### Instructions to follow
From the material below, please set down exactly the lines starting with the one with "Так как треугольники" and going on through the one with "Large 7-Inch Color", without a single picture.

### Records provided
───
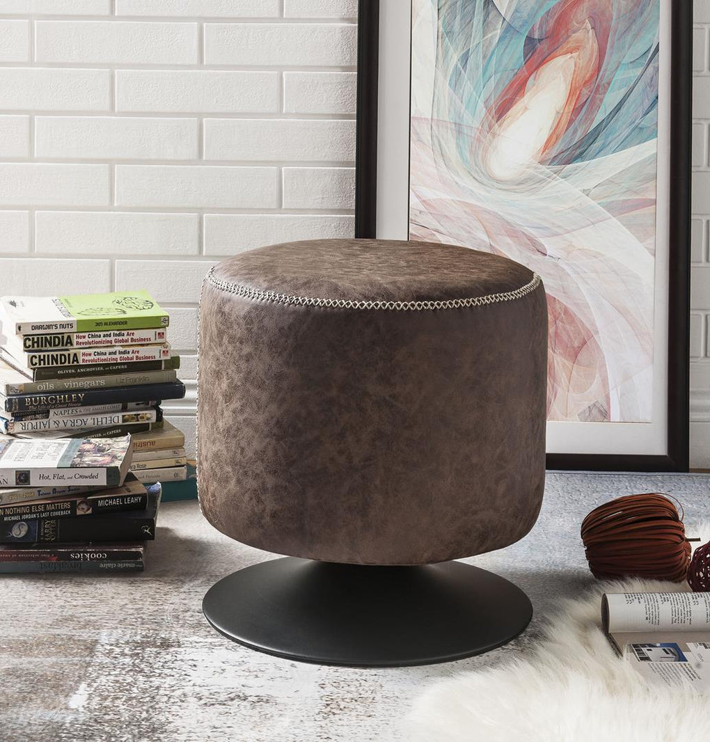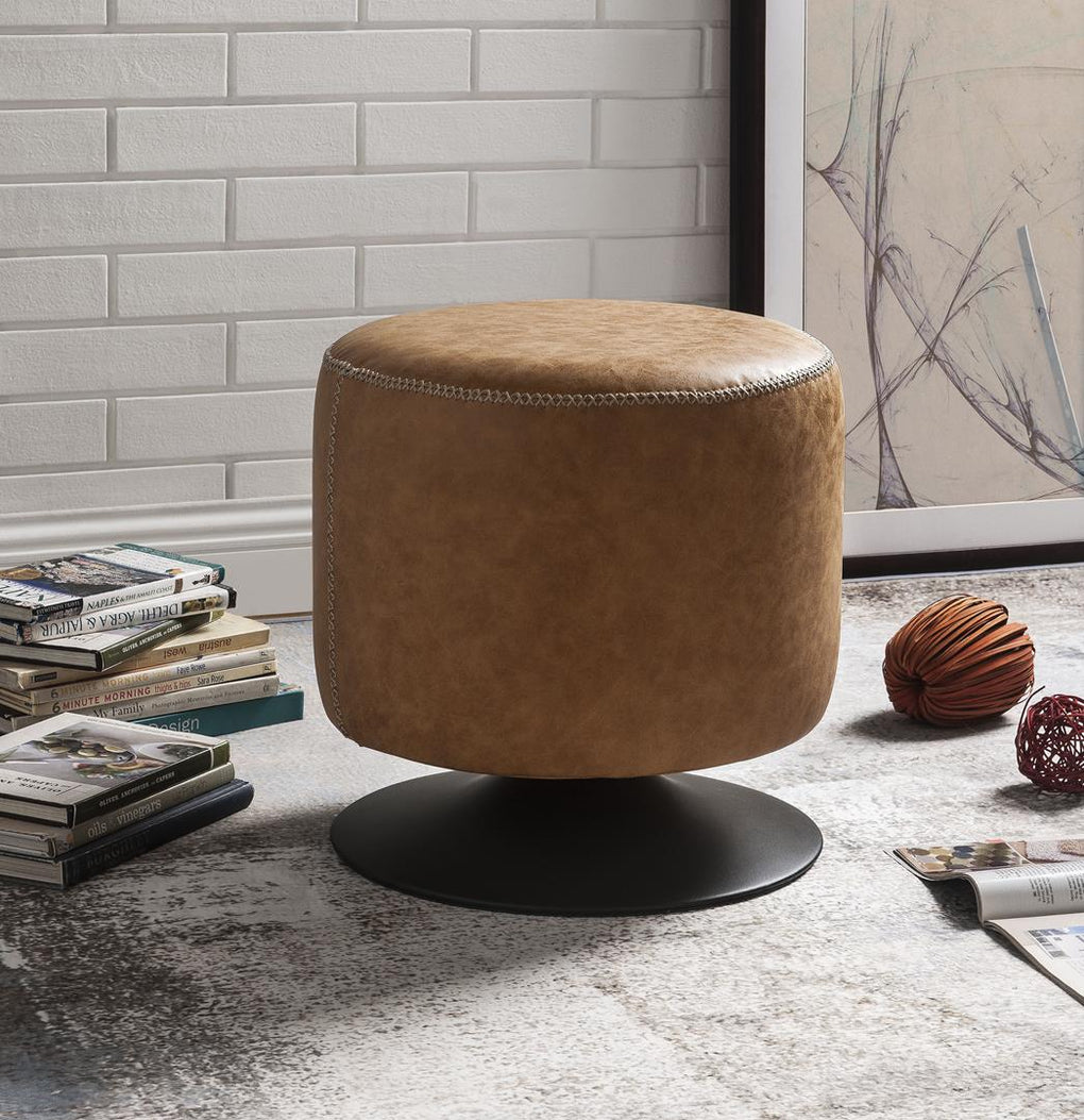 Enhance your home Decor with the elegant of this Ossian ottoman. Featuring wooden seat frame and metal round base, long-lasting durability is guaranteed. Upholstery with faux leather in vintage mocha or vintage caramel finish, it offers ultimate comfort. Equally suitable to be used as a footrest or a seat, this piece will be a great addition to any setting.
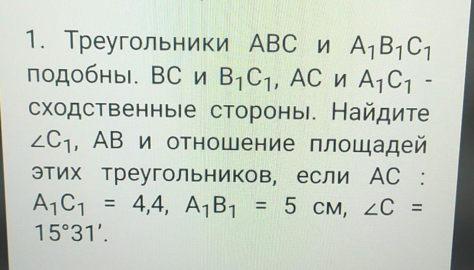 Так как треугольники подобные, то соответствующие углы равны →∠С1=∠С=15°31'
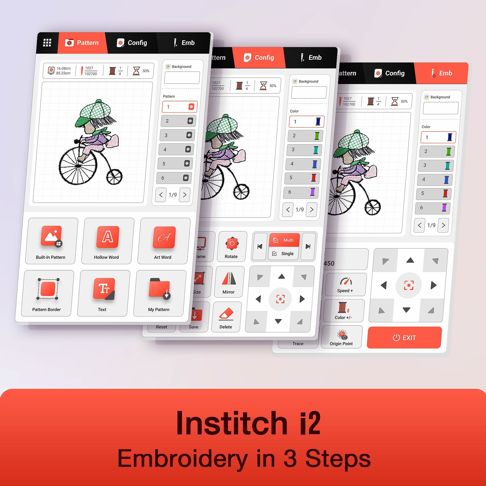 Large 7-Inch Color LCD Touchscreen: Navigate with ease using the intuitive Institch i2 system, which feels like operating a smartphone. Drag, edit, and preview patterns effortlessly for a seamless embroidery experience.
───
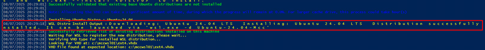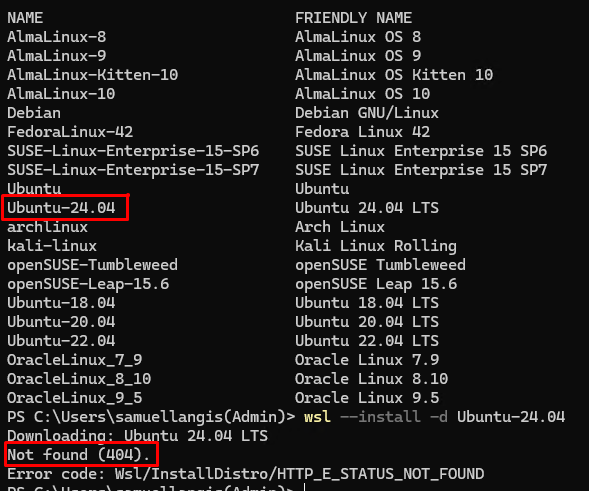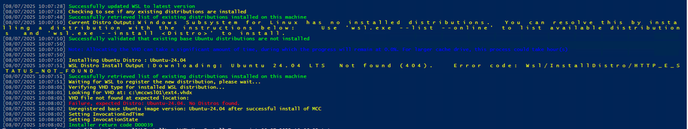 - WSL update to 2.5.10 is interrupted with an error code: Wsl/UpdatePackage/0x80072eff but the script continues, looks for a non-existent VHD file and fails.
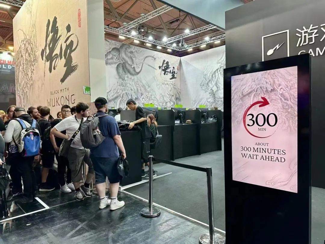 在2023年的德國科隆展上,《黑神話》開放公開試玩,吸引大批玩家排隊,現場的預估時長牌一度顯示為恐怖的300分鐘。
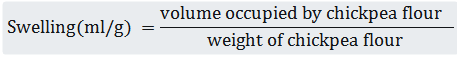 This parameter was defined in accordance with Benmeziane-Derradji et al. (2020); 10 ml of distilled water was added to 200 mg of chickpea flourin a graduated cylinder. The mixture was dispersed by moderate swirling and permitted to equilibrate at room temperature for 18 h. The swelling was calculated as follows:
───
### Output
 Так как треугольники подобные, то соответствующие углы равны →∠С1=∠С=15°31'
 Large 7-Inch Color LCD Touchscreen: Navigate with ease using the intuitive Institch i2 system, which feels like operating a smartphone. Drag, edit, and preview patterns effortlessly for a seamless embroidery experience.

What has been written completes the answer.